Who I Am and What I Cover
Most online casino "reviews" are written by people who have never counted a six-deck shoe, never run a slot RTP variance simulation, and never verified a provably-fair seed. I've done all three. My name is Cameron Whitfield — most people call me Cam — and I'm the Senior Game Analyst at Hudson Casino.
I'm 42, based in Vancouver, BC, and I've spent eighteen years working in card-room and online table-game analysis. Half of that was on the practitioner side. The other half has been writing about it, mostly for North American gambling press. At Hudson Casino I cover the verticals that actually involve math: blackjack, slots, roulette, crash games, crypto casinos, and sportsbooks. If you've landed on our blackjack casino Canada guide, our online slots Canada rankings, our roulette online breakdowns, our crypto casino reviews, our crash gambling explainers, or our sports betting Canada coverage, that's me.
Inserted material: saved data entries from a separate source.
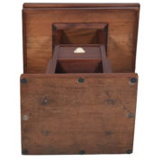 Le plateau, pivotant, se déploie pour dévoiler une surface garnie de feutrine (refaite) conçue pour les jeux de cartes et de société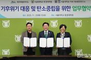 한민일보 서울포커스 김다남 기자 | 충북 진천군은 25일 청주충북환경운동연합 사무실에서 ‘2050 탄소중립 및 지역에너지 전환 실현을 위한 상생협력 협약’을 체결했다. 이번 협약은 기후 위기 심화와 제도 환경 변화 속에서 지방정부의 탄소중립 역할 강화에 선제적으로 대응하고자 추진됐다. 충북 최초의 민·관 협력 체계를 공식 구축하면서 양 기관은 기후위기 대응과 에너지 전환을 공동 추진하기로 했다. 협약의 주요 내용은 △지역 맞춤형 탄소중립 기반 구축 △ESG 실천문화 확산과 군민 참여 확대 △신재생에너지 보급 활성화를 위한 지역 거버넌스 운영 등이며, 양 기관은 각 분야에서 지속적이고 실질적인 협력을 추진하기로 합의했다. 이은천 군 경제과장은 “기후위기 대응은 행정의 노력만으로는 한계가 있으며, 시민사회의 전문성과 참여가 결합할 때 비로소 실질적 변화를 이끌 수 있다”며 “이번 협약을 기반으로 진천군이 기후정책과 지역경제 혁신을 동시에 실현하는 기후경제 선도도시로 도약할 것”이라고 강조했다. 한편 군은 그동안 신재생에너지 보급 확대, 에코머니 제도 운영, 환경교육, 탄소중립 실천운동 전개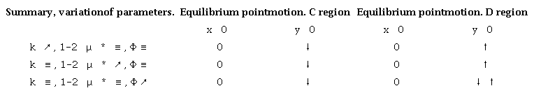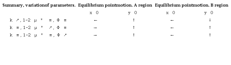 Analyzing the linearized equations, we observed that the condition of stability of the equilibrium points in regions C and D depends on k, µ∗ and Φ. For region C, we observed the appearance of bifurcations when k > 1. On the other hand, the equilibrium points in region D show two stability transition limits for any value of k. For both regions (C and D), it was observed that as we increased the value of k the region of stability became larger.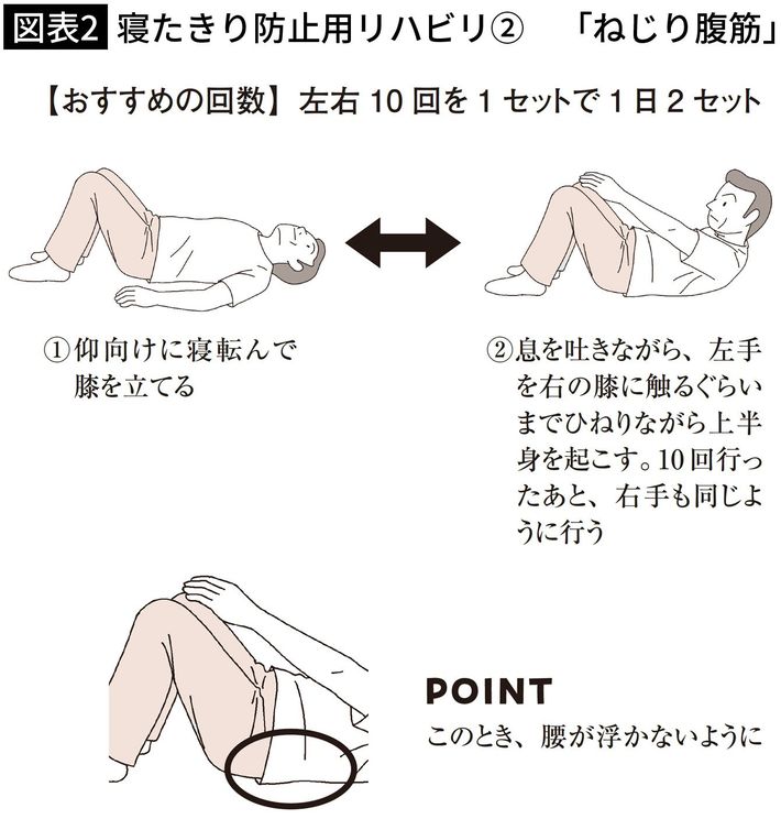 寝たきり防止用リハビリ② 「ねじり腹筋」(出所=『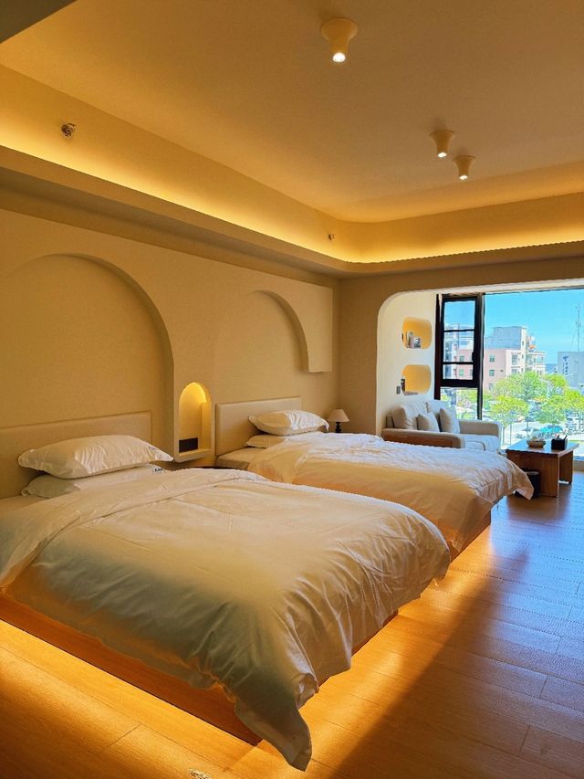 Traveling to Nan'ao Island in the off-season and staying at this guesthouse is just too perfect! It’s really so comfortable 🌴 ✅ Huge floor-to-ceiling windows with an amazing view, directly enjoying Nan'ao Island’s blue hour✨ ✅ Whole house smart control with Xiaodu for lights/air conditioning/curtains, plus music and news; memory foam pillows like Atour’s for a good sleep, Chaoshan kung fu tea set + Dancong tea bags provided, complete toiletries and disinfectant wipes ✅ Thoughtful service to the max: sanitary pads, hair ties, dental floss—just ask the front desk if you need anything; public washing machine + disinfectant tablets super convenient ✅ Worried about getting lost? The host will come downstairs to pick you up~ ✅ 2-minute walk to the Tropic of Cancer Square, close to the beach! Mall downstairs + Qing'ao Bay food street, endless snacks to try 🍜, convenient public transportation ✅ Wide range of room types: family-friendly dolphin/SpongeBob/zoo-themed fun rooms; couples can choose leisure bathtub king rooms; friends can stay in cozy tea lounge twin rooms; families can book 2-bedroom 1-living room gathering rooms, all super comfortable 🏠 Name: Nan'ao Island Sanhai Resident Guesthouse (Qing'ao Bay Branch) 📍 Address: 3rd Floor, Building 1, Haishang Dongfang Plaza, No. 11 Haiwan Road, Qing'ao Management Committee, Nan'ao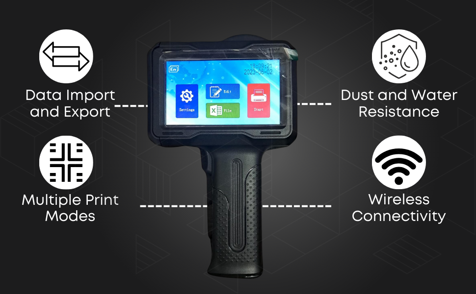 The A.C.I. PACKAGING Z90 is a compact, industrial-grade inkjet printer featuring a powerful 4-core CPU, a vibrant 4.3-inch color touchscreen, and 600 x 600 dpi resolution. Designed for versatile label and barcode printing, it supports multiple file formats and languages, making it ideal for fast-paced production lines and professional branding needs.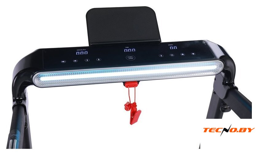 электрическая беговая дорожка, ручная ступенчатая регулировка угла наклона, полотно: 41×119 см, скорость движения: 1–16.8 км/ч, 12 программ тренировок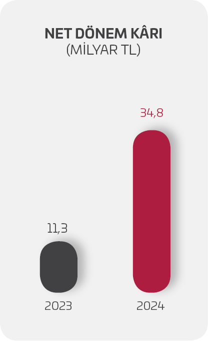 Net dönem kârı 2024 yıl sonunda 34,8 milyar TL olmuştur.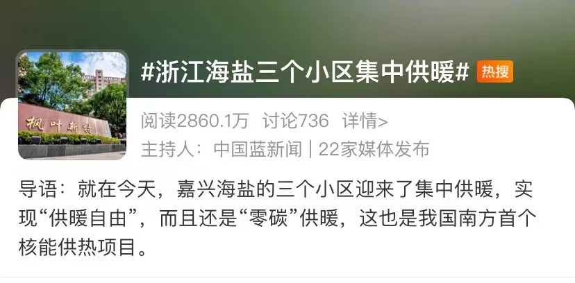 今天上午,“浙江海盐三个小区集中核能供暖”的消息冲上了微博热搜。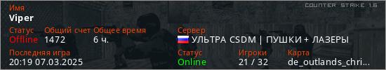 Играет на Counter Strike 1.6 сервере. Страна: РоссияПервый раз замечен 08:33 27.01.2025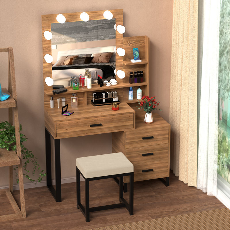 If you are looking for a vanity set that combines style and functionality, you will love this one. It features a lighted mirror with LED lights, a dressing table with drawers and shelves for storage, and a cushioned stool for comfort. This vanity set is perfect for small bedrooms, as it does not take up much space. You can use it to do your makeup, hair, or skincare routine with ease.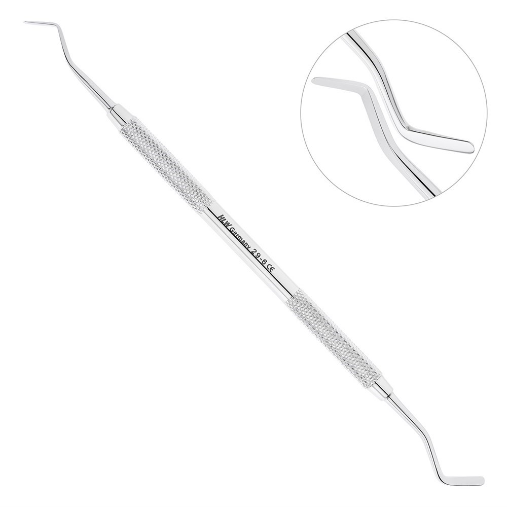 Оба функциональных стержня жесткой гладилки имеют двойной изгиб по ребру, благодаря чему инструмент используется при пломбировании полостей, расположенных в апроксимальных зонах.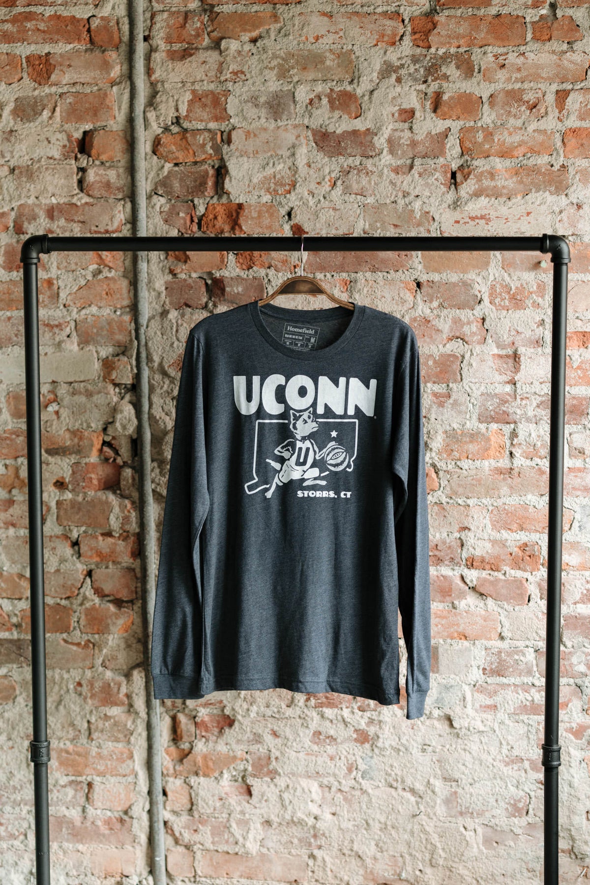 Products are mocked up on a size S. Graphics may appear smaller on larger sizes. UCONN-LONG-003-XS-CLCVTG| Chest Width | Body Length | Sleeve Length | |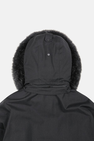강풍 차단과 보온성을 높인 탈부착형 후드 & 인디고 폭스 퍼 구성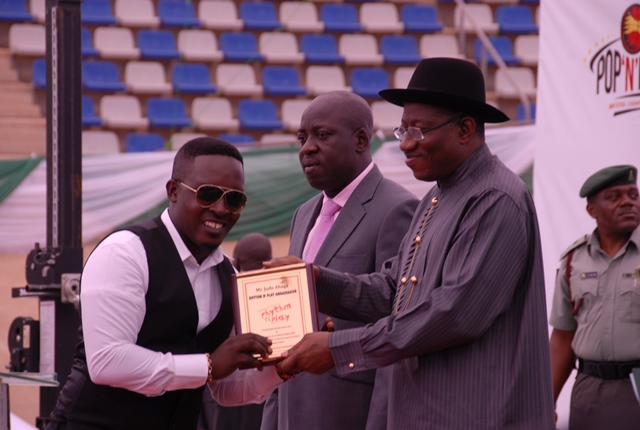 The short black boy received an honorary award from President Goodluck Jonathan.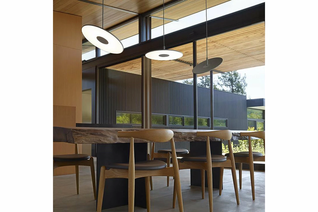 The Circa Pendant presents a LED flat panel disc that can be angled at 45° and is partnered with a 360° rotation feature, allowing for flexible and ambient light. This lighting feature also provides 4 levels of light intensity and an integrated USB port for mobile devices. Available in 2 sizes and finishes.

I am not the warmest writer on this team. Madeleine handles the regulatory voice and the player-protection material. I handle the part where we sit down with a provider PDF, a spreadsheet, and a calculator, and figure out whether the operator is actually offering what they claim to be offering. Usually they aren't.
How I Got Here
I started in 2008 at a small advantage-play training operation in Henderson, just outside Las Vegas. I co-founded it with another player I'd been grinding with on the Strip. We taught card counting — Hi-Lo, Wong Halves, Zen Count for the serious ones — basic strategy deviations, team play, and casino countermeasures. We ran six-week intensives for working professionals who wanted to take a real shot at it. Most of them didn't have the temperament. A few did. I spent six years there, from 2008 to 2014, and I left when my co-founder decided he wanted to run it solo. That's a polite way to put it.
After that I went into writing full-time. Twelve years now. I wrote for Card Player magazine when print still mattered. I wrote for PocketFives during the post-Black-Friday rebuild. Then I went independent and freelanced for whoever would pay a fair rate for actual analytical work instead of affiliate fluff. I've written for outlets I'd rather not name and a few I'm proud of.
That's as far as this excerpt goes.